Someone posted to the Content Strategy Google Group asking about Help content. I didn’t have a lot of time so I pinged over my fav article going on Help these days: Scott Abel’s The Future of Technical Communication Is Socially Enabled: Understanding the Help 2.0 Revolution. Since, Dana Chisnell then challenged me:
Why are you providing help? Any time you have a separate system for the help, you’re in trouble. Embedding the assistance in the UI and surfacing it when the user needs it will work much, much better.
I couldn’t be more in agreement.
Socially enabled help almost immediately begets socially enabled embedded help. It’s only logical, and it’s not even my idea, it’s already happening. Smart companies generally (regardless of social enablement) are bringing user assistance (the posh word for Help these days) into the UX and the UI, not making it retrospective.
On demand is good, but you want to assist users before they ‘demand’ it. In other words: Help should help, not wait until the user needs ‘HEEELLP!’
The problem with the world today
Today the user assistance user experience story is:
“What’s that? I can’t figure out this UI! I hate this company! HEEELP!”
(Highly condensed of course)
It should be:
“What’s that?”
Helpful bit of content appears to the rescue!
“Oh. Ok. Now back to what I was doing”
What we need to do
Here’s Noz’s official to-do list for the Help World:
- Help needs to be socially enabled (Scott’s already broke it down for you)
- Help content needs to be brought into devices and UIs (hardware, software, website – whatever!) so that those with content skills work in harmonious partnership with those that have UI, UX and development skills.
- The application assistance architecture should be socially extensible so that the social components of help integrate nicely with the brand-generated components
Here’s some examples of companies that have it part right:
Adobe Photoshop Help Offline
Right-click and view/open in a new window to enlarge.
If you’re offline, hit F1 in PS and you go to a html-based help file (html, running offline from a folder on your computer). Note the PDF link on top right.
The Default page says: Community help! In other words, to really get the full experience, go online and join the party!
Adobe Photoshop Help Online
Turn ye ol’ Net back on and Adobe takes you straight to a website that looks exactly the same, but new features abound:
- Feedback
- Options to search through help for other applications
- Still available as PDF!
- Community intro link available (blue, bottom left)
- Commenting
- Comments RSS feed (subscribe to this piece of content!)

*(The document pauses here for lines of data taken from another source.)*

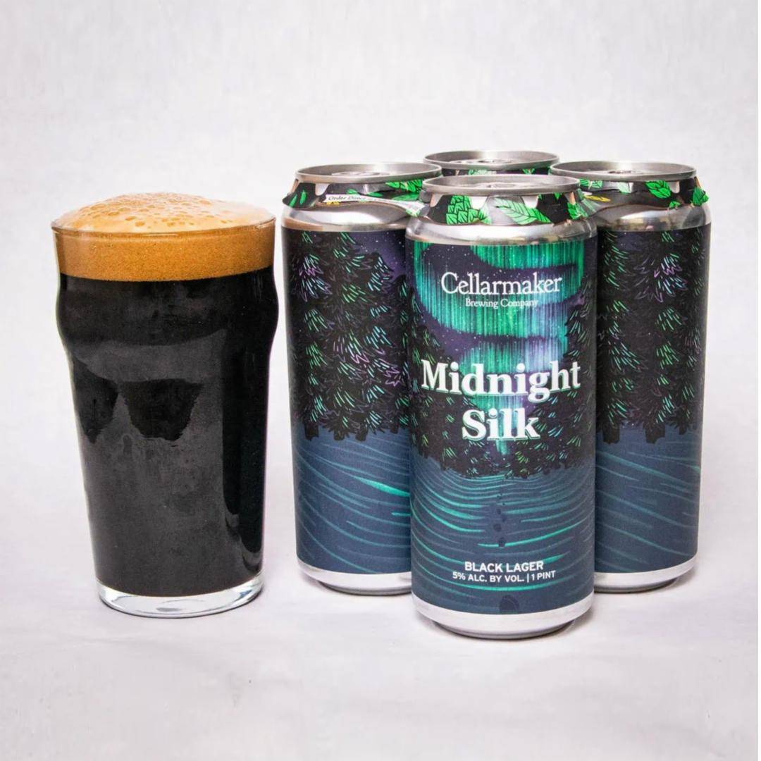 Midnight Silk Black Lager • 5% ABV With an enticing French roast coffee aroma, rich and nutty 70% cacao chocolate bar comes to mind when sipping this smooth black lager. Midnight Silk isn’t flashy, but isn’t understated either. This is a beer drinker’s beer meant for long drinking sessions filled with good conversation or quiet contemplation.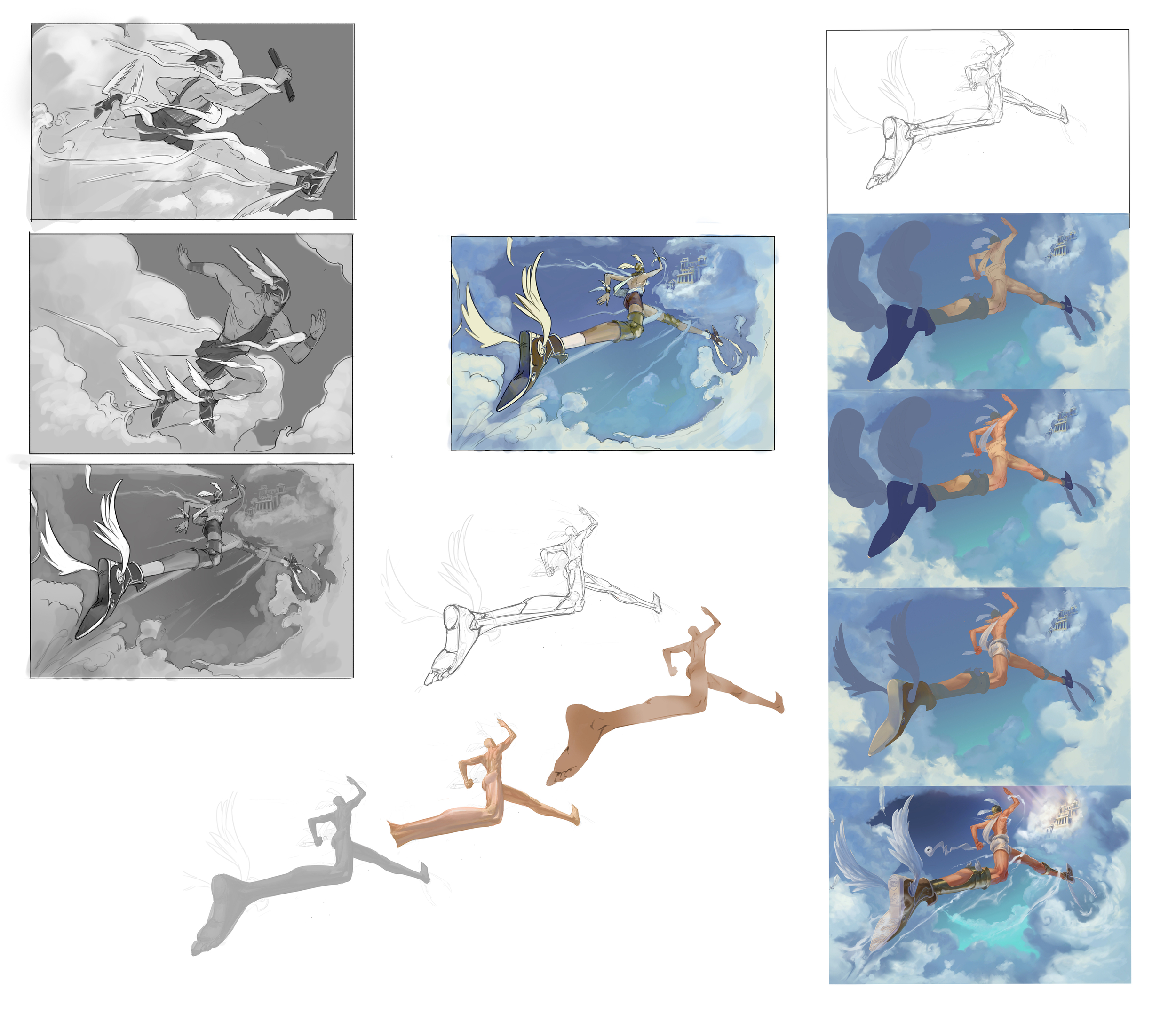 Salut à tous, je n'avais pas montré mon process tout le long du challenge alors je l'envoie maintenant : J'ai commencé par un sketch rapide pour travailler la pose et la compo : Ensuite, j'ai commencé à rajouter les valeurs : Mon process n'étant pas encore trop développé pour le moment, j'ai attendu trop longtemps avant de mettre de la couleur je crois. ça m'a fait perdre beaucoup de temps car mes valeurs n'étaient pas assez précises : Pour la suite, j'ai unifié le tout en "déplaçant " toutes les couleurs vers le bleu de l'environnement : Après ça j'ai ajouté quelques highlights et beaucoup de détails :1 point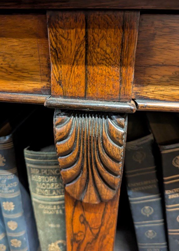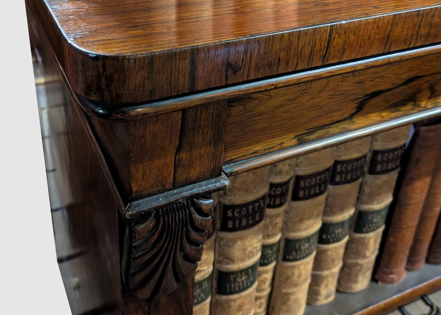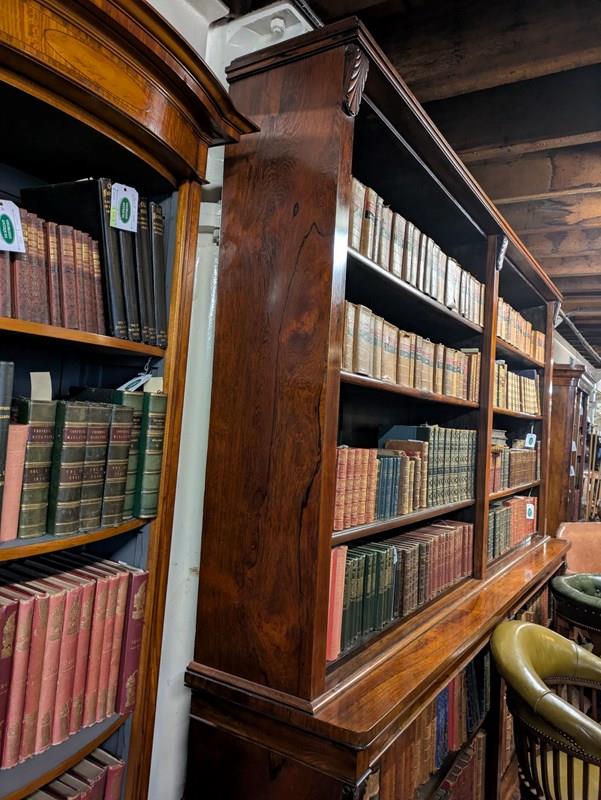 Circa 1840. Exceptional quality, large early Victorian Brazilian rosewood open bookcase. Surmounted by a simple moulded cornice, the upper sections in two parts, each with three adjustable shelves, flanked and divided by acanthus carved pilasters. The base with a beautiful figured-rosewood top with a lovely colour and patina above 4 shallow frieze drawers, over 2 deeper bookcases with single adjustable shelves. All over an enclosed moulded plinth base. In excellent condition.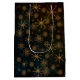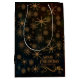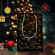 Vacker Personlig God Jul PRESENTPÅSE på svart bakgrund med nyanser av blått och grönt och ett elegant guldliknande mönster med små blommor och stjärnor. Enklare än att slå in. Du kan uppdatera all text, ändra familjenamnet eller använda ett parnamn eller ett företagsnamn. Kan bli en bra företags- eller familjepåse.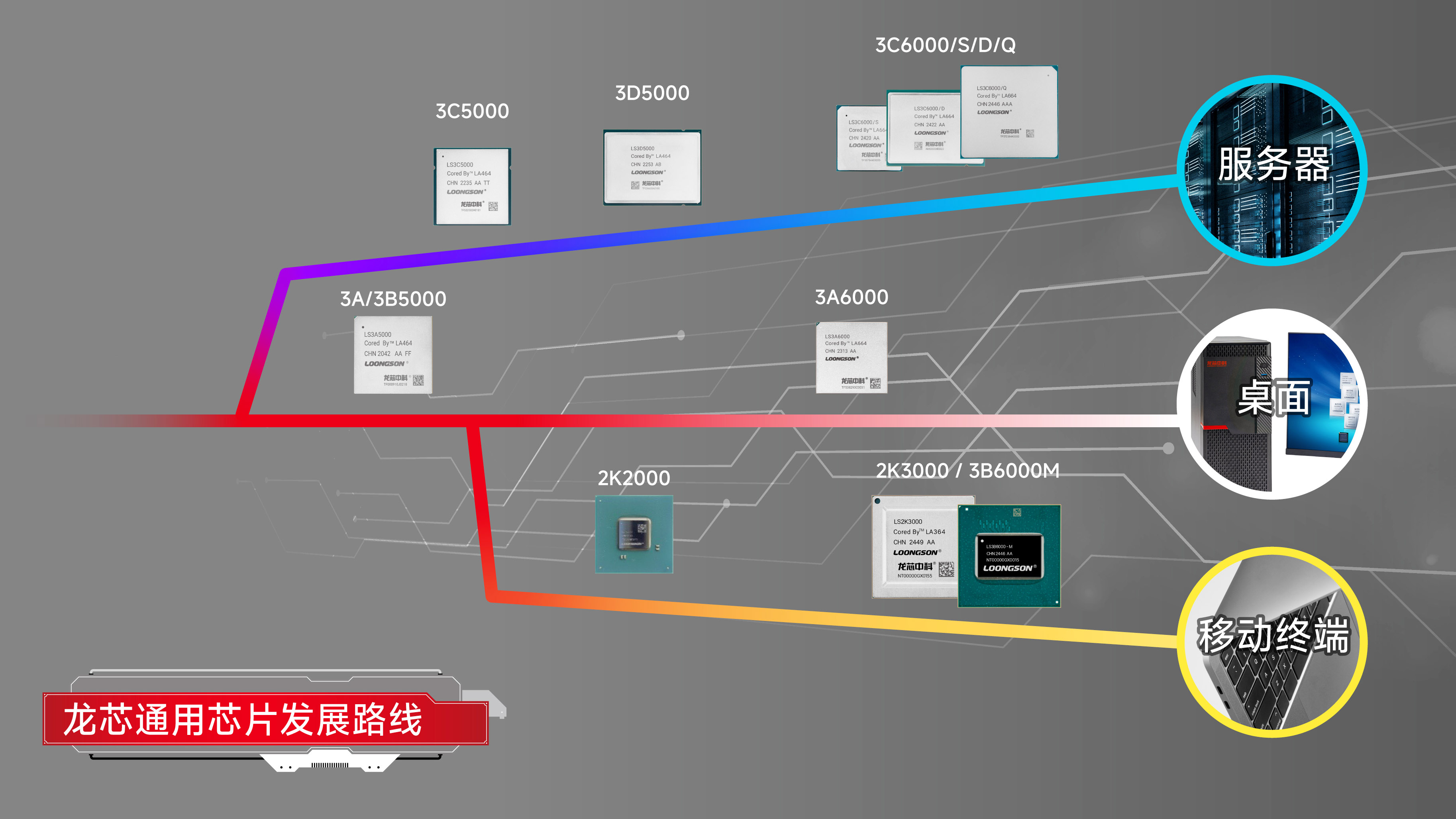 隨著龍芯2K3000/3B6000M的流片成功,龍芯通用CPU形成了桌面、服務(wù)器和終端三條線路產(chǎn)品的完整系列,能夠?yàn)椴煌I(lǐng)域提供高性能及高性價(jià)比的CPU芯片產(chǎn)品。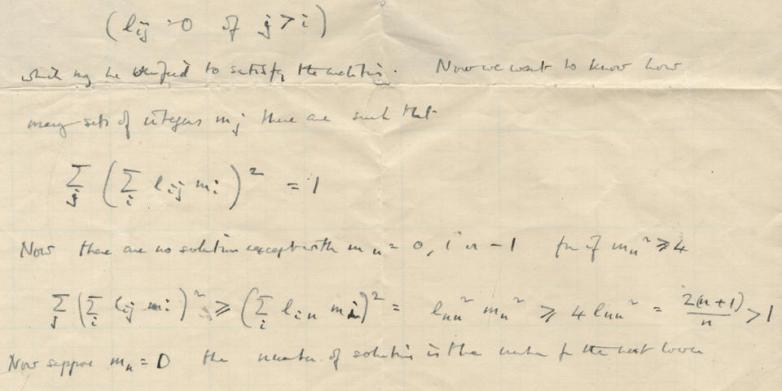 The calculations – which set out and analyse a problem in n-dimensional geometry – were written in ink on two pages of mathematical paper and discovered among the papers of Rolf Noskwith who worked alongside Turing in Hut 8 at Bletchley Park from June 1941 until the autumn of 1942 when Turing left for America to assist the US Navy's codebreakers. The undated pages had been folded in two and ROLF scribbled on the back.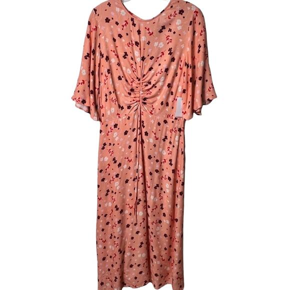 NSR PINK FLORA WHITEL PRINT MIDI WOMEN SHORT SLEEVE DRESS SIZE MEDIUM BRAND NEW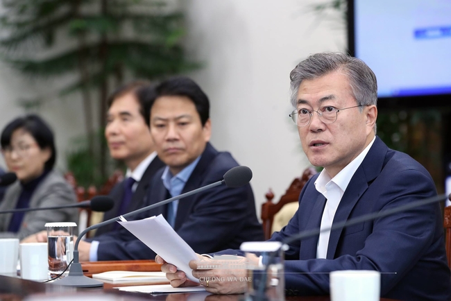 2일 오후 문재인 대통령이 청와대 여민관에서 열린 수석·보좌관 회의에 참석해 발언하고 있다.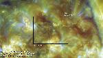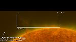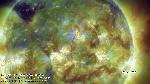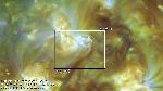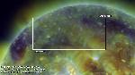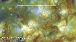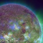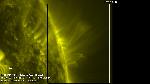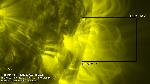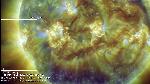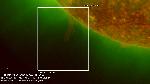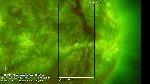 A region east of central meridian erupts (with ribbons and a mainly southward propagating perturbation seen best in the loops projecting onto the southern polar cap). Note that a filament activation in the region leading it (just west of CM) also exhibits a simultaneous activation, while a region approaching the W limb does also, all timed to within about 6 min. of each other.

- And so on… explore it yourself for fun.
Right-click and view/open in a new window to enlarge.
This is good, but it could be better.
Let’s compare with one of my favourite apps, Ableton Live:
Ableton Live Context Ultra-sensitive Help
Right-click and view/open in a new window to enlarge.
In Ableton, help is in panes within the UI. Once you’re experienced user, you hide them both away and only bring them back as needed.
- Big stuff like tutorials, walkthroughs, set-up instructions, is on the right in the main help pane (F1).
- Bottom left we have a little hide-able pane that constantly pops helpful information and short-cuts for anything I hover my mouse over (the ‘Live Device Browser’ in this case). That is to say, new users just leave that baby open, and you instantly know what every UI item works, and the short-cut for triggering it:
If we’re honest, most users avoid manuals. They learn by some other method; probably by poking at the UI, popping into a search engine, or eventually getting frustrated enough to ask a friend. If they are truly desperate, they will finally resort to opening up a manual. With this approach Ableton have managed to adapt their presentation of information to the user, rather than trying to convince the user to adapt to the way they present information.
The Promised Land
Of course, we should bring the two together, so that the web dazzle of Adobe’s help appear in the UI like Ableton’s.
Agree? Disagree? Let me have it in the socially-enabled comments.
UPDATE
Dana pointed out I forgot to mention mobile devices and hit me with this great soundbite:
“…we should all be thinking about what will work on the tiny screen that will scale up, not the other way around.”
I also forgot to mention:
- Great help doesn’t mean UI/UX designers can all start leaving work at 3pm! The idea is to avoid needing to get help in the first place, no matter how nicely it’s delivered.
- Those implementing DITA or any other Component CMS platform should be thinking about how this social content gets round-tripped back into source so that the brand-sourced content, service desk knowledge-bases, intranets, and the product itself are all improved by leveraging the crowd’s contributions.
Before anyone points it out, no PS’s help is not context sensitive… it just goes to the root of the help either online or offline. Also I think that’s a missed trick!